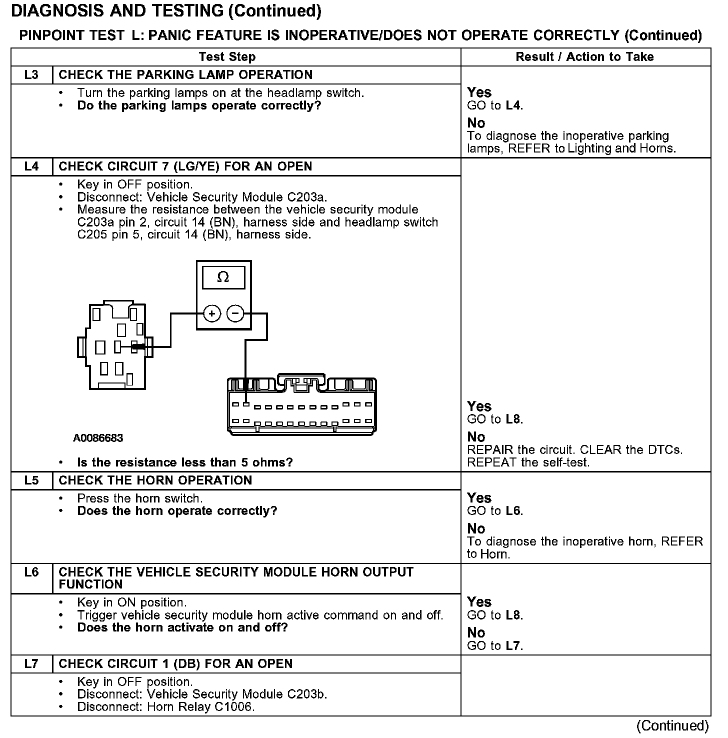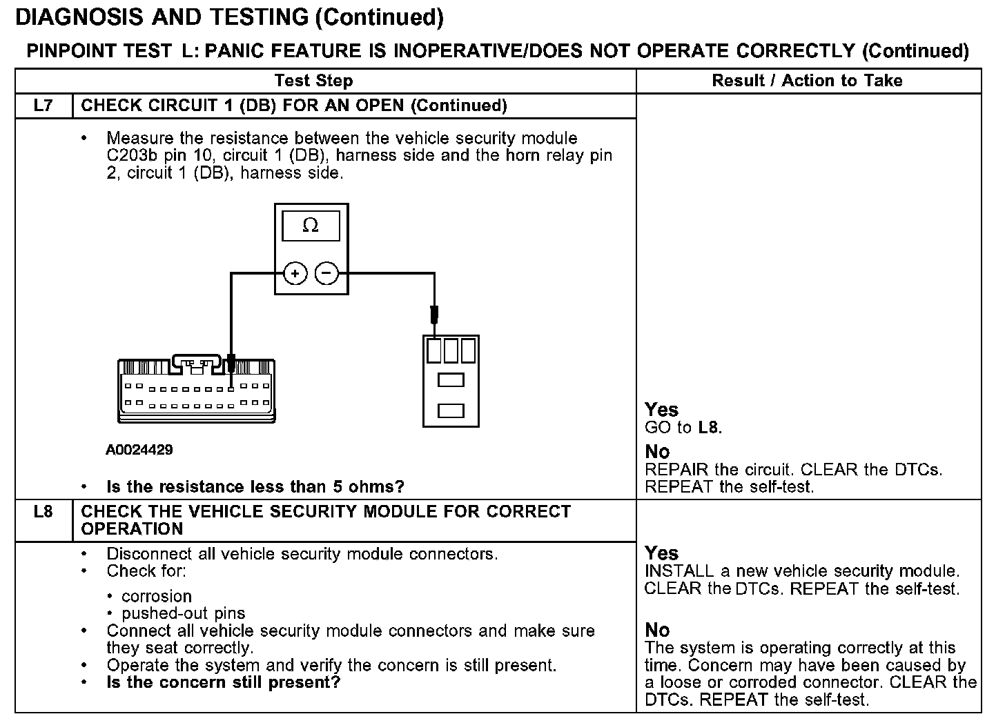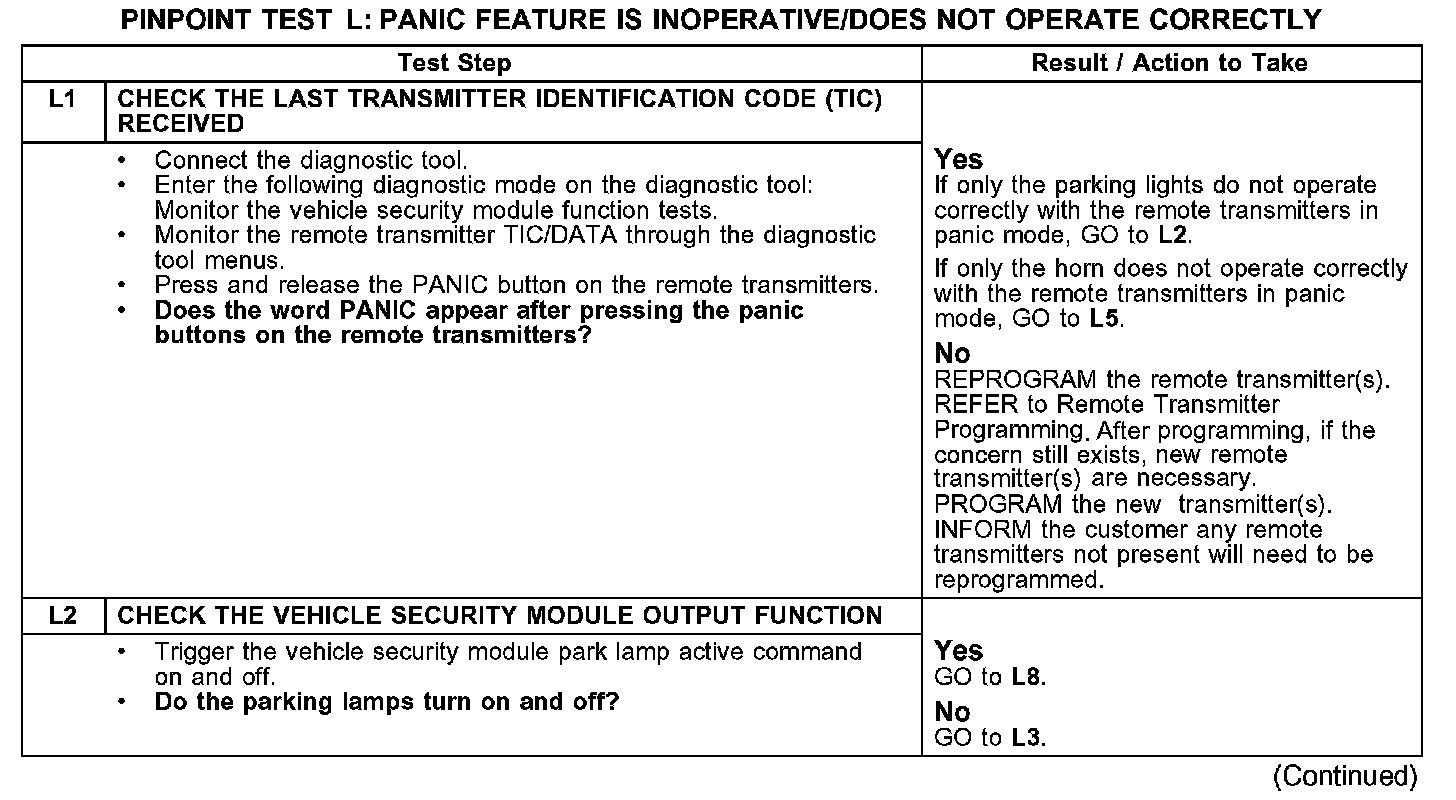 PINPOINT TEST L: PANIC FEATURE IS INOPERATIVE/DOES NOT OPERATE CORRECTLY
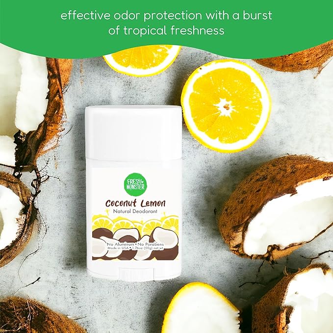 FRESH MONSTER Deodorant for Kids & Teens, Coconut-Lemon Scent, No Aluminum, No Parabens, Vegan, 24-Hour Protection, Coconut Lemon, 1.76 oz
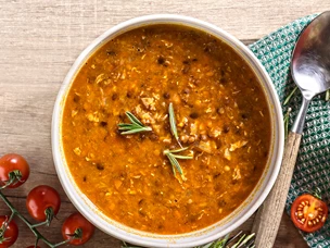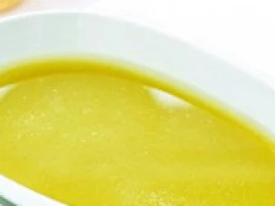 Num tacho aqueça o azeite e a cebola ou alho francês picado para refogar, juntamente com o louro e o alho.
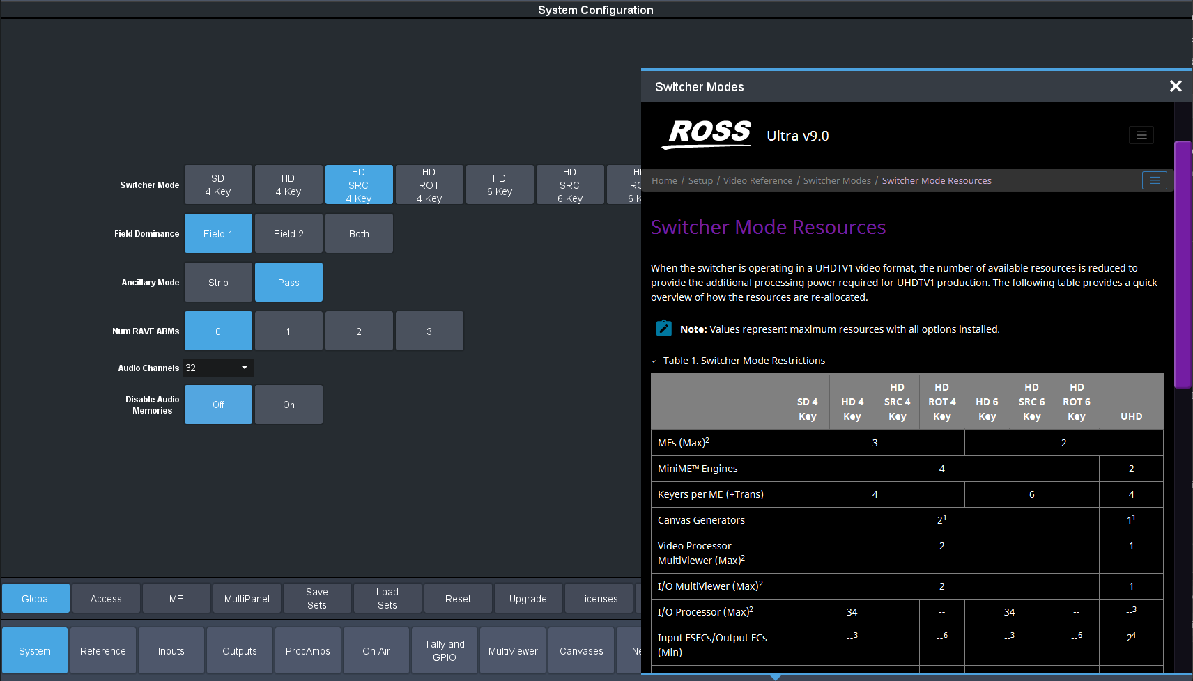 That will tell you how many you can have and then on the Global Sub Page you can see which mode you are operating in:
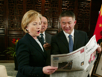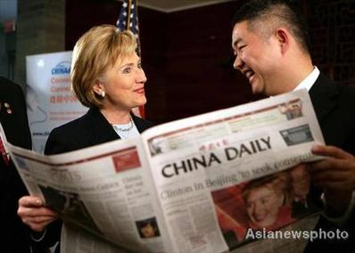 中國日報新聞中心主任孫尚武(右)向希拉里介紹《中國日報》
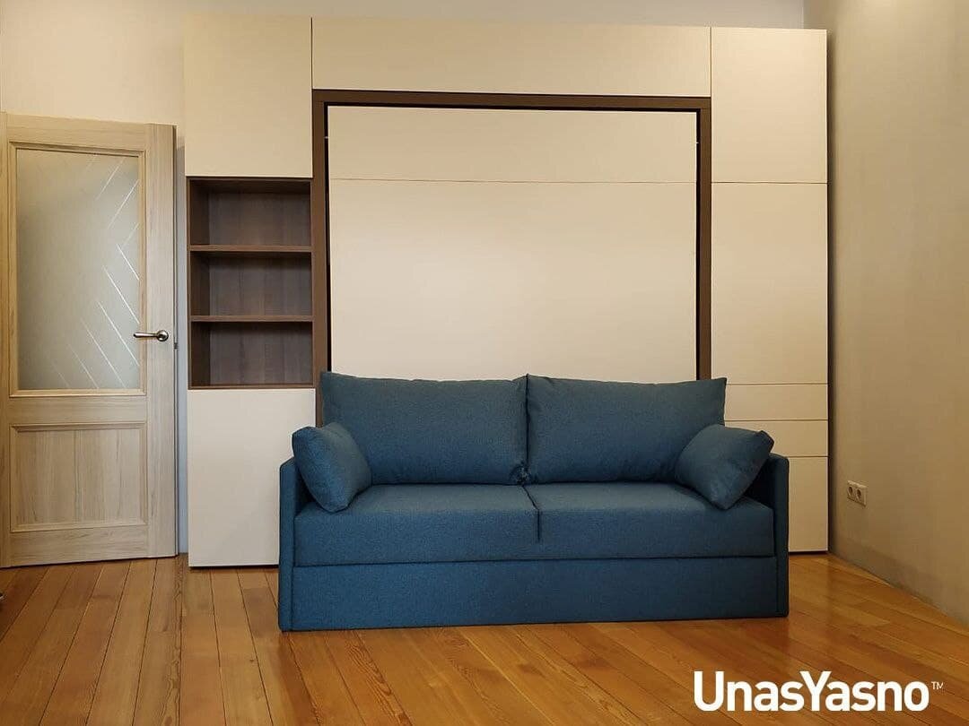 При разработке мебели серии UnasYasno от OLISSYS ™, мы попытались создать простую и функциональную мебель-трансформер, не уступающую по качеству своим аналогам, но значительно дешевле по цене. Шкаф-кровать трансформер выполнен в лучших традициях скандинавского дизайна. Специально создан для самостоятельной сборки и транспортировки. Материалы корпуса и фасадов сделаны из ЛДСП известного австрийского производителя EGGER. Размеры спального места могут быть: 180 см, 160 см, 140 см и 90 см. Система трансформации снабжена комплектом газо-масляных амортизаторов, которые обеспечивают плавное двухступенчатое опускание спального места. Решетка под матрас выполнена из ортопедических амортизационных березовых ламелей. На фото реализованный монтаж комплекта мебели Unas Yasno в который вошли: модуль трансформер, диван, книжный и платяной шкафы, антресоль. Посмотреть все предметы мебели серии Unas Yasno можно на сайте Olissys в разделе каталог.
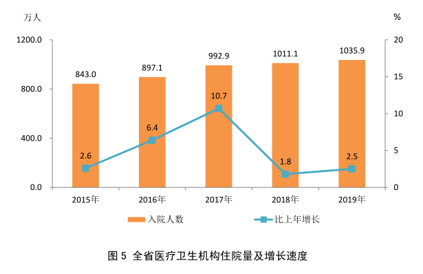 2019年,全省医疗卫生机构入院人数1035.9万人,比上年增加24.8万人(增长2.5%),年住院率为16.25%。
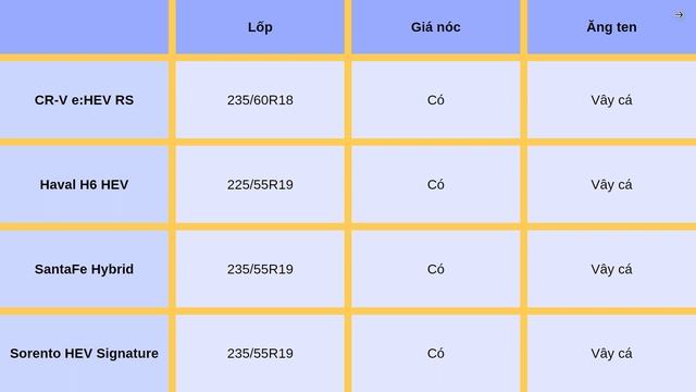 Trong video này hãy cùng kênh So sánh Xe so sánh Honda CRV e:HEV RS 2023 vs Haval H6 HEV vs Hyundai SantaFe Hybrid vs KIA Sorento HEV Signature. Xem thêm: CX-5 Premium vs Territory vs Tucson ĐB vs Sportage 2.0G Signature vs Outlander Premium vs 3008 AT: https://youtu.be/b-EIP8seNhw Nếu bạn thấy video này hay và hữu ích thì nhớ nhấn Like và Đăng ký kênh để ủng hộ mình nhé! Cảm ơn bạn đã theo dõi video, xin chào và hẹn gặp lại.
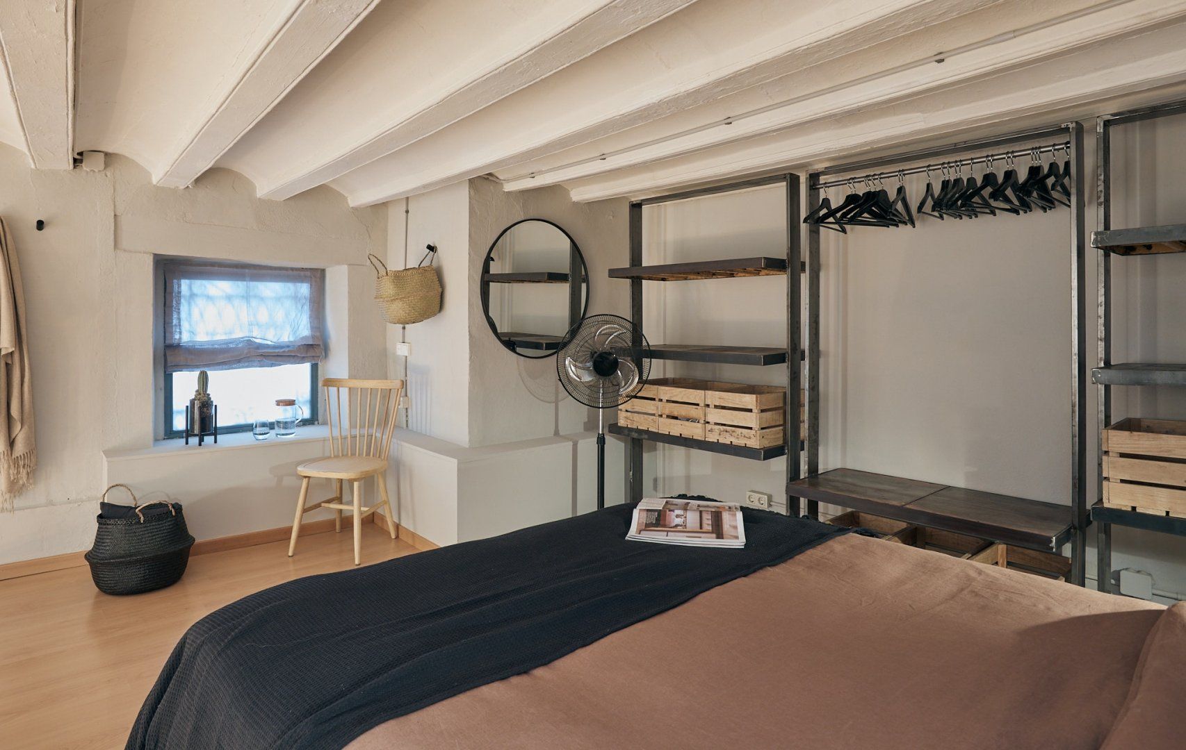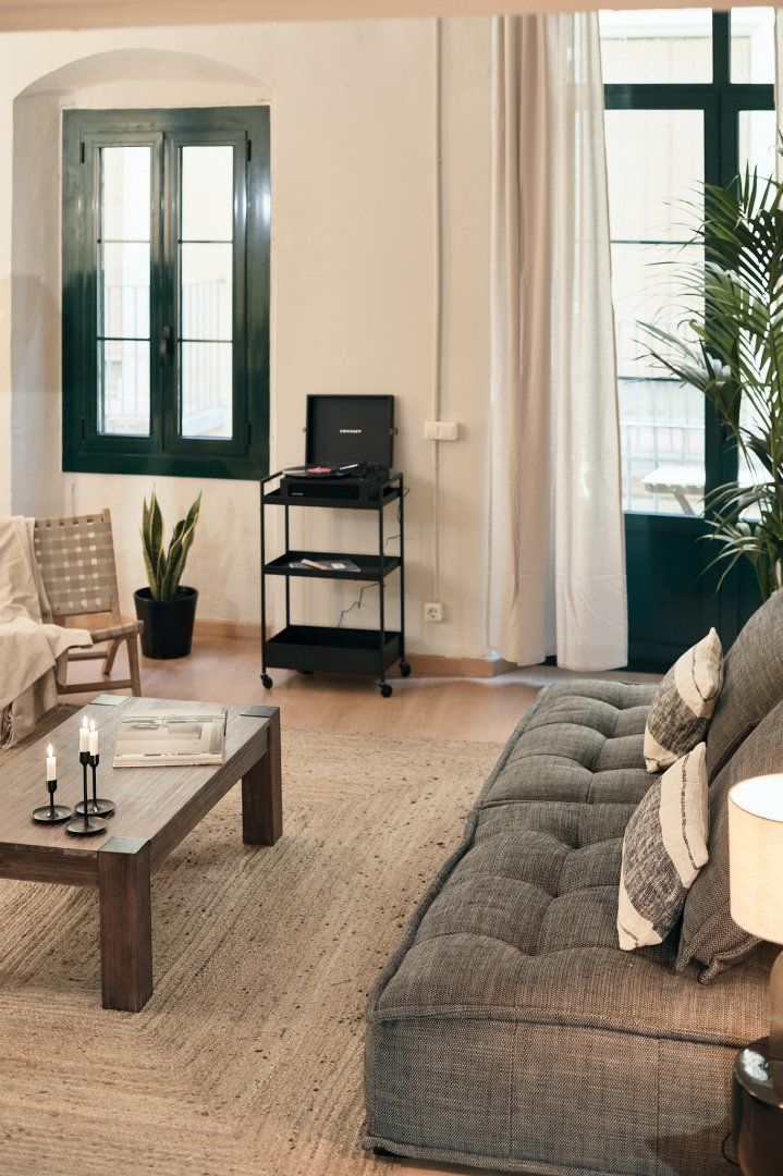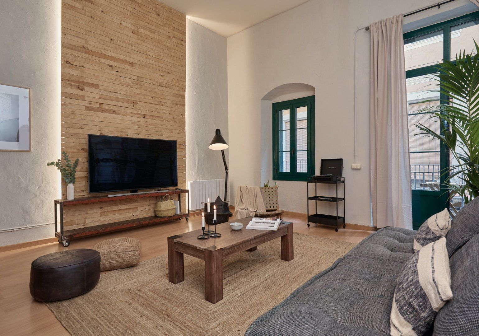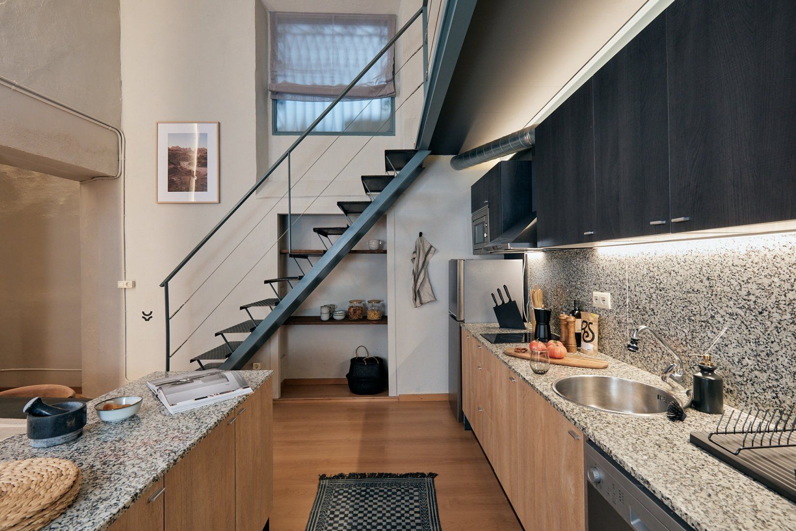 This apartment is a cosy and serene refugee from the city. High ceilings add drama to the warm, modern vibe of the raw-wood furniture and touches. The open-plan kitchen and dining area, coupled with the balcony, makes it a great social space, with plenty of room to unwind and chat over a glass of wine. Throw a record on the turntable as you settle in for a relaxing evening. Located in the bohemian heart of the old town, surrounded by charming narrow streets. El Born is also known for its great tapas bars and trendy restaurants, so you can eat your way through the city in style.
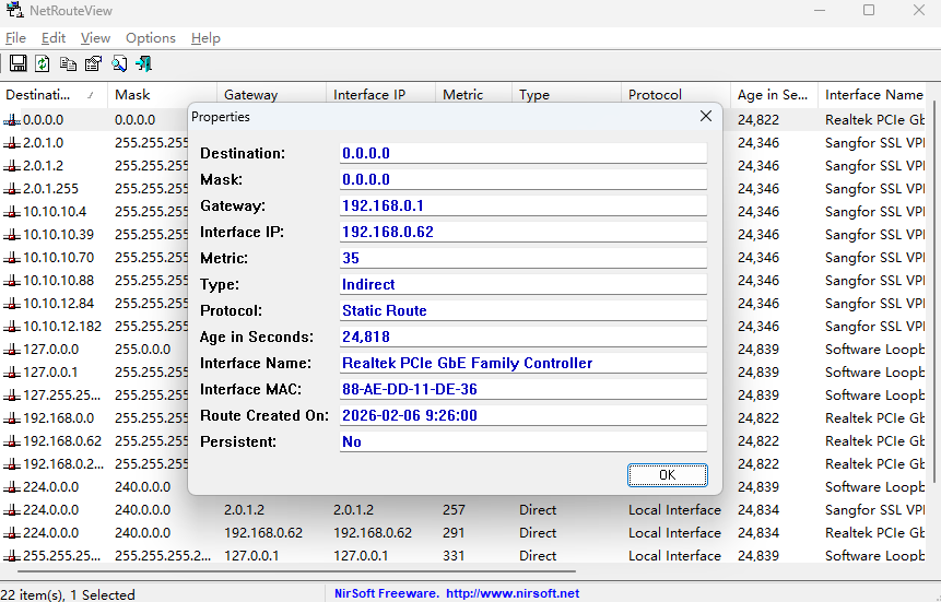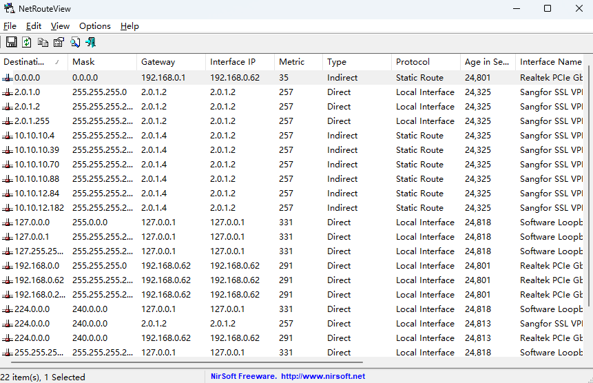 软件显示了当前网络上的所有路线清单,包括目的地,掩码,网关,接口的IP地址,公制值,类型,协议。NetRouteView主窗口显示您的所有网络路由列表,如'打印'在Windows路由实用程序的命令。你可以选择一个路线,然后将其删除(Del键)或修改它(按Ctrl + M)的。请注意,与'静态路由在本议定书仅列值的路线,可以删除或修改。也可以通过使用'新干线'选项(按Ctrl + N)的一个新的路径。
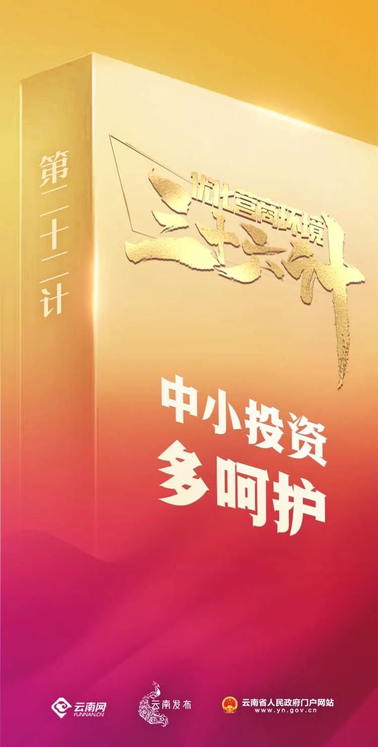 一流营商环境是第一竞争力。云南是后发展和欠发达地区,加快发展靠市场主体、靠项目支撑、靠招商引资、靠营商环境。省委要求,要坚持问题导向、目标导向,以市场评价为第一评价、以企业感受为第一标尺,大力实施作风革命、效能革命,优化服务、破解难题,构建亲清政商关系、营造亲商重商尊商浓厚氛围,建设国内一流营商环境。云南网联合“云南发布”“云南省人民政府门户网站”推出“优化营商环境三十六计”专栏,聚焦近年国内各地大力推进营商环境建设的生动实践,“阅览”新经验,“点睛”好做法,“案”授“新计”,助力云南经济高质量跨越式发展。
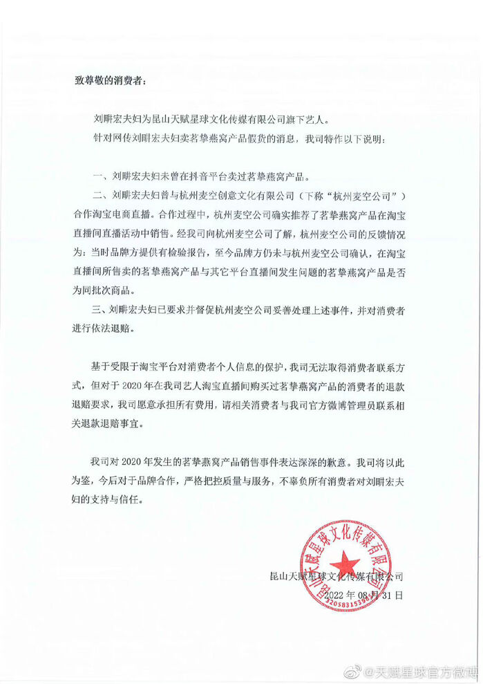 天赋星球声明明确了几个关键信息:1、刘畊宏夫妇未曾在抖音平台卖过茗挚燕窝产品。2、刘畊宏此前与杭州麦空公司合作的淘宝直播活动中推荐过相关产品,曾提供检验报告,并不确认与其他平台发生问题的产品为同批次。3、刘畊宏夫妇已要求杭州麦空妥善处理该事件,并向消费者赔偿。

# # #

Every line from the top of the records above to the line with "2019年,全省医疗卫生机构", inclusive, should be duplicated exactly, minus the pictures.

 PINPOINT TEST L: PANIC FEATURE IS INOPERATIVE/DOES NOT OPERATE CORRECTLY
 FRESH MONSTER Deodorant for Kids & Teens, Coconut-Lemon Scent, No Aluminum, No Parabens, Vegan, 24-Hour Protection, Coconut Lemon, 1.76 oz
 Num tacho aqueça o azeite e a cebola ou alho francês picado para refogar, juntamente com o louro e o alho.
 That will tell you how many you can have and then on the Global Sub Page you can see which mode you are operating in:
 中國日報新聞中心主任孫尚武(右)向希拉里介紹《中國日報》
 При разработке мебели серии UnasYasno от OLISSYS ™, мы попытались создать простую и функциональную мебель-трансформер, не уступающую по качеству своим аналогам, но значительно дешевле по цене. Шкаф-кровать трансформер выполнен в лучших традициях скандинавского дизайна. Специально создан для самостоятельной сборки и транспортировки. Материалы корпуса и фасадов сделаны из ЛДСП известного австрийского производителя EGGER. Размеры спального места могут быть: 180 см, 160 см, 140 см и 90 см. Система трансформации снабжена комплектом газо-масляных амортизаторов, которые обеспечивают плавное двухступенчатое опускание спального места. Решетка под матрас выполнена из ортопедических амортизационных березовых ламелей. На фото реализованный монтаж комплекта мебели Unas Yasno в который вошли: модуль трансформер, диван, книжный и платяной шкафы, антресоль. Посмотреть все предметы мебели серии Unas Yasno можно на сайте Olissys в разделе каталог.
 2019年,全省医疗卫生机构入院人数1035.9万人,比上年增加24.8万人(增长2.5%),年住院率为16.25%。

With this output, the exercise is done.